YOUR INSTRUCTIONS »
Everything below from the line with "W przypadku naszych" through the line with "Ensuring correct polarity" must be retyped exactly, except the pictures.

EXERCISE INPUT »
%%

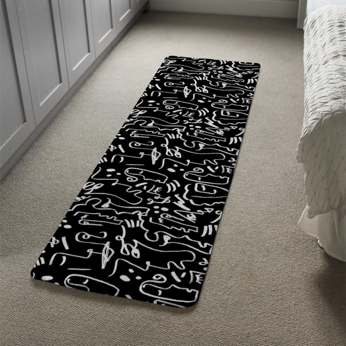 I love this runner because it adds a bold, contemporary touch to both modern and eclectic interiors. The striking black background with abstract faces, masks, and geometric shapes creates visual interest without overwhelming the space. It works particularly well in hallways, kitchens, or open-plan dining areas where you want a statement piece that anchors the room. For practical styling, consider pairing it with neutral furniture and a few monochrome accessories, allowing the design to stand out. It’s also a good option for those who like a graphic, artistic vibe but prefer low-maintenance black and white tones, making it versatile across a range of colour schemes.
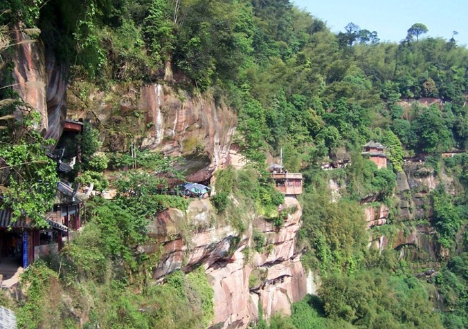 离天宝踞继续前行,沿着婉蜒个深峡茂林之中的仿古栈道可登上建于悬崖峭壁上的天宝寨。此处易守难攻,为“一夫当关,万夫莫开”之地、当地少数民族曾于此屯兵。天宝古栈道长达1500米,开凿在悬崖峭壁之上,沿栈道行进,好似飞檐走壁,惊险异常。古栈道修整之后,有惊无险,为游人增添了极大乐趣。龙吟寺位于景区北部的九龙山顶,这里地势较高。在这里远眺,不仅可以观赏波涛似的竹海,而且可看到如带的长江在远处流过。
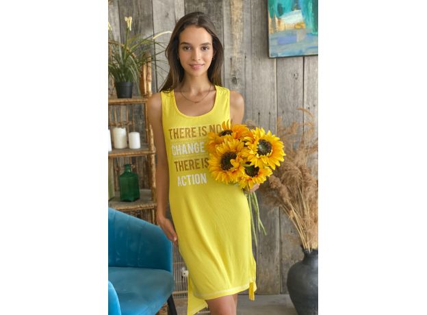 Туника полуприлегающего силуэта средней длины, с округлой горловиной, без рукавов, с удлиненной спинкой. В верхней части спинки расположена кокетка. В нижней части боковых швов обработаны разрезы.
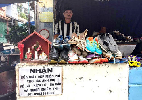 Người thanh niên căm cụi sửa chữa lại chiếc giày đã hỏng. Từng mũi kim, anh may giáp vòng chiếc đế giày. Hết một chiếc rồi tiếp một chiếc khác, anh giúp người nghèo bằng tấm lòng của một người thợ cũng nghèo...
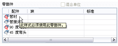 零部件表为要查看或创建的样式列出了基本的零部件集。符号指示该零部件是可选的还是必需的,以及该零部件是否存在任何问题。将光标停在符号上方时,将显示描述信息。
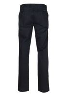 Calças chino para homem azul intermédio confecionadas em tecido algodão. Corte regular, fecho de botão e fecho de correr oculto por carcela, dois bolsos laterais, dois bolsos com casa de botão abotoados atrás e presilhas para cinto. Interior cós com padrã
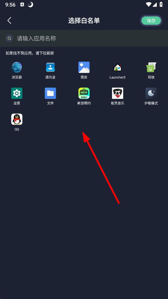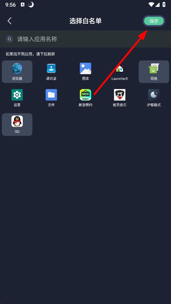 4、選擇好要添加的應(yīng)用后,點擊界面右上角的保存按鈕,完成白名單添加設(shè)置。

%%
%%

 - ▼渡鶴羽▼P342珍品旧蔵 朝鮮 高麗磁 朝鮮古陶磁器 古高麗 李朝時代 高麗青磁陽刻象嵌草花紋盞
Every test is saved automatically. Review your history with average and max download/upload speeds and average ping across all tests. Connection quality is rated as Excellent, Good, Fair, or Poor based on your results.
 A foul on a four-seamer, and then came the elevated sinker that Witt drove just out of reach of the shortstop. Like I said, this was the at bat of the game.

%%
%%

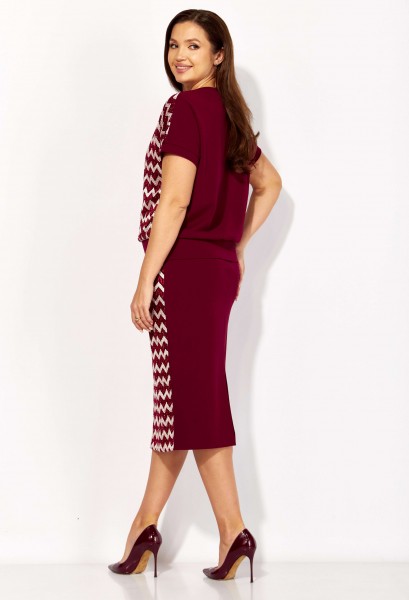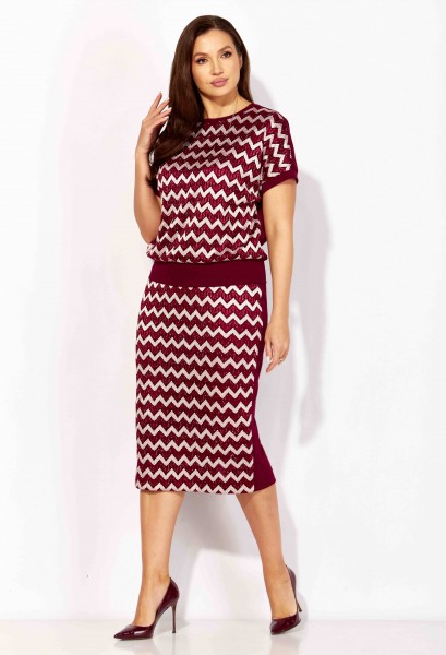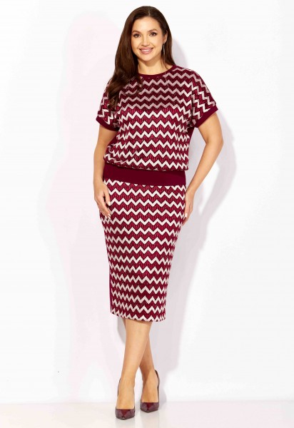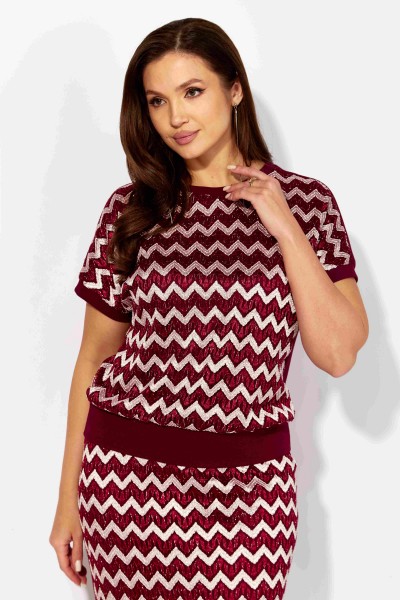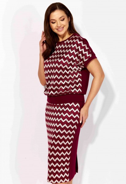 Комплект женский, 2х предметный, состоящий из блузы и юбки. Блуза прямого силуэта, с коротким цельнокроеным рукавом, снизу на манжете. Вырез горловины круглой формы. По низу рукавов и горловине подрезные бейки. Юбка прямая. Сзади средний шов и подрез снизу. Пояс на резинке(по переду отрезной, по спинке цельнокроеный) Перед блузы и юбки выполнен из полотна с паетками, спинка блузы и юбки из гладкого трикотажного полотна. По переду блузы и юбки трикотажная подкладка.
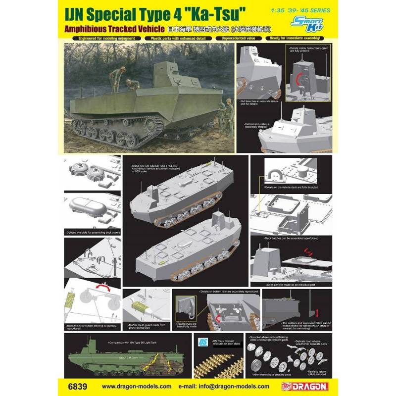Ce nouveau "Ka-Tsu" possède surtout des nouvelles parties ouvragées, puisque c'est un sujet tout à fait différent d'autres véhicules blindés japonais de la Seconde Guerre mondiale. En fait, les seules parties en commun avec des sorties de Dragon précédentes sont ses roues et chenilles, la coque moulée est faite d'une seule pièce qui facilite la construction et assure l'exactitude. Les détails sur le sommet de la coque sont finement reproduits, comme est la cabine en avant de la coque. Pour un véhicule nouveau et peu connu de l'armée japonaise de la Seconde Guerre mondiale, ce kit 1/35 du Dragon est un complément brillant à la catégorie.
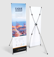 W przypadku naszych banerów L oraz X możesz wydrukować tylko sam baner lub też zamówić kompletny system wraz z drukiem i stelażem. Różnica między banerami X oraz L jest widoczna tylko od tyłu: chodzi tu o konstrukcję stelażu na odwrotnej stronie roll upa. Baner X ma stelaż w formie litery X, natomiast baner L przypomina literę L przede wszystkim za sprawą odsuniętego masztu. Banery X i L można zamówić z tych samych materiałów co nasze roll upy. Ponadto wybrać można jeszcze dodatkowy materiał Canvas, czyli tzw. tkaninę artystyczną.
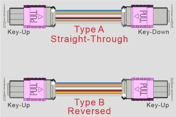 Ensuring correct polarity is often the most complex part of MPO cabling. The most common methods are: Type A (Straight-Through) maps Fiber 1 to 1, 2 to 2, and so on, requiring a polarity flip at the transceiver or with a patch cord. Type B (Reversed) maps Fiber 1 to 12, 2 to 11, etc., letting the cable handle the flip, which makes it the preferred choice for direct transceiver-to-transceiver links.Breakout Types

%%

ANSWER FOR THIS EXERCISE »
 W przypadku naszych banerów L oraz X możesz wydrukować tylko sam baner lub też zamówić kompletny system wraz z drukiem i stelażem. Różnica między banerami X oraz L jest widoczna tylko od tyłu: chodzi tu o konstrukcję stelażu na odwrotnej stronie roll upa. Baner X ma stelaż w formie litery X, natomiast baner L przypomina literę L przede wszystkim za sprawą odsuniętego masztu. Banery X i L można zamówić z tych samych materiałów co nasze roll upy. Ponadto wybrać można jeszcze dodatkowy materiał Canvas, czyli tzw. tkaninę artystyczną.
 Ensuring correct polarity is often the most complex part of MPO cabling. The most common methods are: Type A (Straight-Through) maps Fiber 1 to 1, 2 to 2, and so on, requiring a polarity flip at the transceiver or with a patch cord. Type B (Reversed) maps Fiber 1 to 12, 2 to 11, etc., letting the cable handle the flip, which makes it the preferred choice for direct transceiver-to-transceiver links.Breakout Types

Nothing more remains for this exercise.